A North Carolina plantation had an event that honored "white refugees" planned for Juneteenth.
It has since been canceled following backlash, The Washington Post reported.
Juneteenth is celebrated as a commemoration of the end of slavery.
A North Carolina Plantation canceled an event that would have told the stories of displaced "white refugees" on Juneteenth after backlash, The Washington Post reported.
June 19th, or Juneteenth, is commemorated by many Black Americans as an independence day that celebrates the day that Union army soldiers informed the last enslaved African Americans that the Emancipation Proclamation had established their freedom. It was signed by President Abraham Lincoln two years earlier.
The Historic Latta Plantation event was to focus on white refugees who were displaced and "have a story to tell as well."
"Hear how they feel about being freedmen," a now-deleted online blurb said.

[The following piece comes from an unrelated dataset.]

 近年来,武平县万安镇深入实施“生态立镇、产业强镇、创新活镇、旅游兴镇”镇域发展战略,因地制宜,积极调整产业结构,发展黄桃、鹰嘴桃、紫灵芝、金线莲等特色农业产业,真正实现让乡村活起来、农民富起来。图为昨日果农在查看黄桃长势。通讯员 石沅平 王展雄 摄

The event description said visitors would hear from confederate soldiers and "the massa himself who is now living in the woods."

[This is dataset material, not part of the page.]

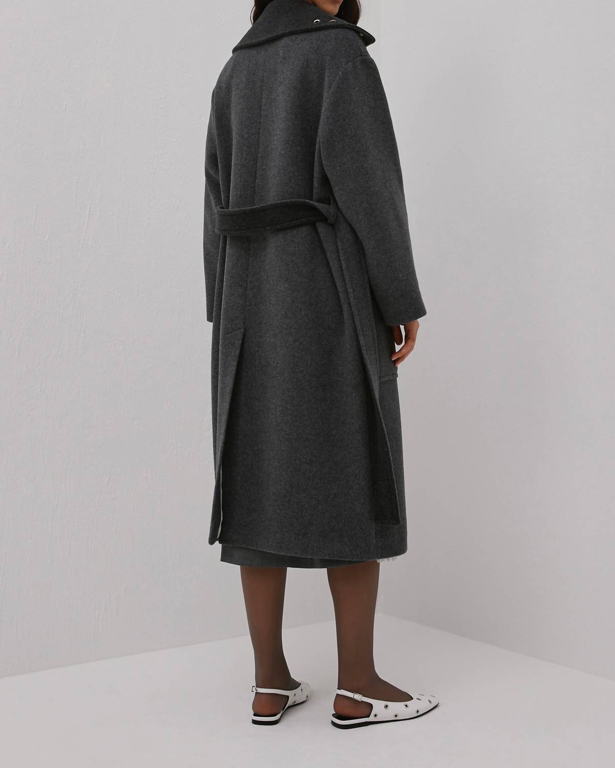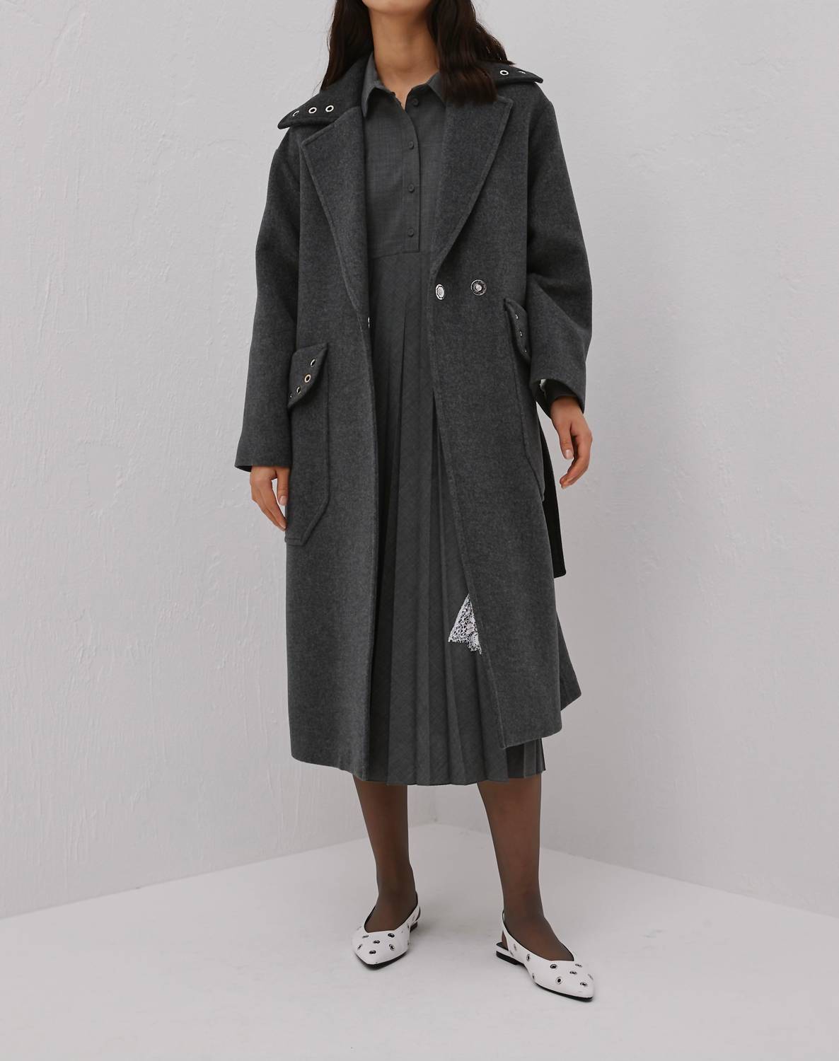 Classicly chic, this is the kind of trench coat that never goes out of style. Elevate your outerwear with the Grommet Collar Long Coat by Beatrice .b, a sophisticated statement in Charcoal Grey. Crafted with a long sleeve design, this coat features a blend of 70% wool and 30% polyamide, ensuring both style and warmth. This Italian-made piece boasts a snap closure, along with distinctive metal eyelets and roomy maxi pockets. Embrace elegance this fall at evening events, embodying chic workwear trends.

Late Friday night, backlash continued to be posted on the group's Facebook page.
"Words cannot express the degree of anger, disgust, and disappointment that Latta Plantation elicits through its recent event promotion pictured here," one reviewer wrote.
Mecklenburg County, where the plantation is located, said in a statement Friday that it "has zero tolerance for programs that do not embrace equity and diversity," and said they only became aware of the event through social media.
The county said it was now looking "at its contract with the facility vendor regarding future programming."
Historic Latta Plantation did not respond to Insider's request for comment at the time of publication.